The American mountaineer is set to become the first trans woman to summit the highest peak on each of the seven continents.

By Nora Wallaya
Published 17 Jun 2022, 06:04 BST
Erin Parisi, the American mountaineer set to become the first trans woman to summit the highest ...

Erin Parisi, the American mountaineer set to become the first trans woman to summit the highest peak on each of the seven continents.

Photograph by Pattie Gonia

Since 2018, you’ve climbed five of the peaks that make up the Seven Summits challenge, with just Everest and Denali still to go. What inspired you?
Climbing the Seven Summits involves getting back out into the world. I’d always been a traveller, but when I transitioned, I gave up a lot of the freedom and safety that I had had previously [when living as a man]. I had a lot of allies and I knew the safe places I could go in my everyday life but, for a bunch of years, I lost my motivation to explore the world. So ,when I looked at the goal of completing the Seven Summits, it just scratched every itch. I needed a way to connect my mind to a sense of pride in my body. I wanted to feel strong, be myself and engage my love of travel. It also gave me an opportunity to show other trans people that we’re out here, we’re doing incredible things and we shouldn’t have to be afraid of our daily existence. What we should be more afraid of is climbing huge mountains!

Why did your feelings towards travel change after you transitioned?
My yearning for adventure became a lot more complicated. I experienced violence and ridicule in my own city – in my office, while out socialising with friends and sometimes randomly by strangers. Some people have been terrible, to the point where I became scared to explore circles beyond my own.
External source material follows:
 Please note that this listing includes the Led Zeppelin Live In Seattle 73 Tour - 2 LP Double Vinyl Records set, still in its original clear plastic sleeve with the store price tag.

When you travel, you make a security calculation – we decide where we feel safe and comfortable. I am very aware that around a dozen countries in the world have laws that allow them to kill people who are LGBTQ+. Around 70 have other laws where discrimination is in some way codified through jail time or other criminal charges. Travelling the world as a trans person, or as someone who’s gay, or in any way LGBTQ+, is daunting.

How important is representation?
It’s huge. In a lot of different countries, laws are being passed that say you can’t even talk about being trans. You can’t talk about being gay. I went to Russia to climb its highest summit, Mount Elbrus, and there was a law that said I couldn’t raise the rainbow flag at the highest point. Here in the US, we have restrictive laws in a lot of schools, so many kids are growing up with a sense that they don’t belong, that nobody has their back, and basically that they’re not important enough to be talked about.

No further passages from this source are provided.